William Agnew’s Radio

Another example is a family in the mission over which I presided, a family by the name of Agnew. They were difficult people to convert. William Agnew, particularly, would not listen to the missionaries, but finally he consented to attend our Sunday School with his wife, three children, and the two missionaries. However, when the missionaries came on Sunday morning to escort the family to the chapel, there had been a little disagreement in their home. Brother Agnew had insisted, “I will not go to the Mormon Sunday School.”

His wife replied, “But you promised, Bill. You promised these young men that you would go.”

“I’m not going, and that’s that!” he said. He became rather angry, but somewhat reluctantly he permitted his wife and children to go to Sunday School. He later told me of the events of that morning. He said, “When my wife and children shut the door and left me alone in the living room, I had nothing good to say about the Mormon faith. I was about as angry a man as one could imagine. I picked up the morning newspaper to see if I could read about the problems of the world and get my mind off religion, but it was to no avail. I kept thinking, my wife and my children have gone to meet with the Mormons. I then went into my daughter Isabel’s bedroom. I thought that perhaps I could turn on the news and hear something different. As I turned on the little radio on her nightstand, what do you think I heard? The Mormon Tabernacle Choir! What message do you think I heard? Richard L. Evans spoke on the subject ‘Let Not the Sun Go Down on Thy Wrath.’  I felt as though the Lord were talking to me personally. I got down upon my knees and promised my Heavenly Father that I would no longer rail against Him—that I would do what these young missionaries had taught me to do.”

When his wife and children returned from Sunday School, they found a new husband and a new father. They couldn’t understand why he was in such a pleasant mood. Finally they asked him what had happened to change his attitude.

He said: “I’ll tell you. I was so upset when you left that I read the paper in an attempt to get my mind off all of you. No success. Then I went to Isabel’s bedroom and turned on the radio to hear the news, and of all things, I heard the Mormon Tabernacle Choir. This man, Richard L. Evans, spoke to me and said, ‘Don’t let the sun go down on thy wrath.’ I felt closer to God at that moment than I have ever felt in my life. I am ready to go with you to the meetings. I am ready to pursue a diligent study with the missionaries.”

Isabel said, “Dad, that’s a wonderful story—if only it were true.”

Her father said, “Isabel, it’s true.”

She said, “No, Dad. Did you say that you turned on the radio on my nightstand?”

He replied, “That’s the one—the little white one.”

Dad,” she said, “that radio hasn’t worked for several weeks. I think the tubes are burned out.”
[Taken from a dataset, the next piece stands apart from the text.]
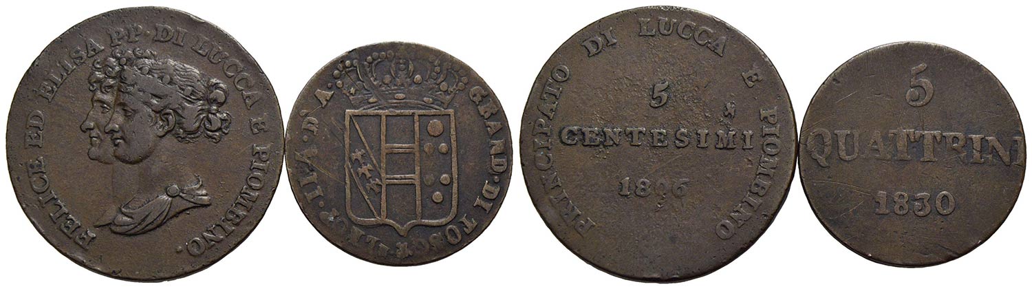 LUCCA - Elisa Bonaparte e Felice Baciocchi (1805-1814) - 5 Centesimi - 1806 - CU R Pag. 259; Mont. 444 assieme a 5 quattr. 1830 - Lotto di due monete

“Isabel,” he said, “that radio works. Come with me.” He led his family into Isabel’s bedroom, walked over to the nightstand next to her bed, and turned on the radio as he had done just one hour earlier, but no sound came forth. That radio did not work! But when our Heavenly Father needed to communicate a message to an honest seeker after truth, that radio not only worked, but it tuned him into the very program and to the very message he needed to bring him to a recognition of the truth. Little wonder that he later became the bishop of that ward. Little wonder that all three of his children are active in the Church and continue to fill positions of responsibility.

When we serve our God, when we love Him, He knows it, and He will take us by the hand and give us answers to our prayers. (Thomas S. Monson, How Do We Show Our Love? January 1998 Ensign, p.4-5, emphasis added).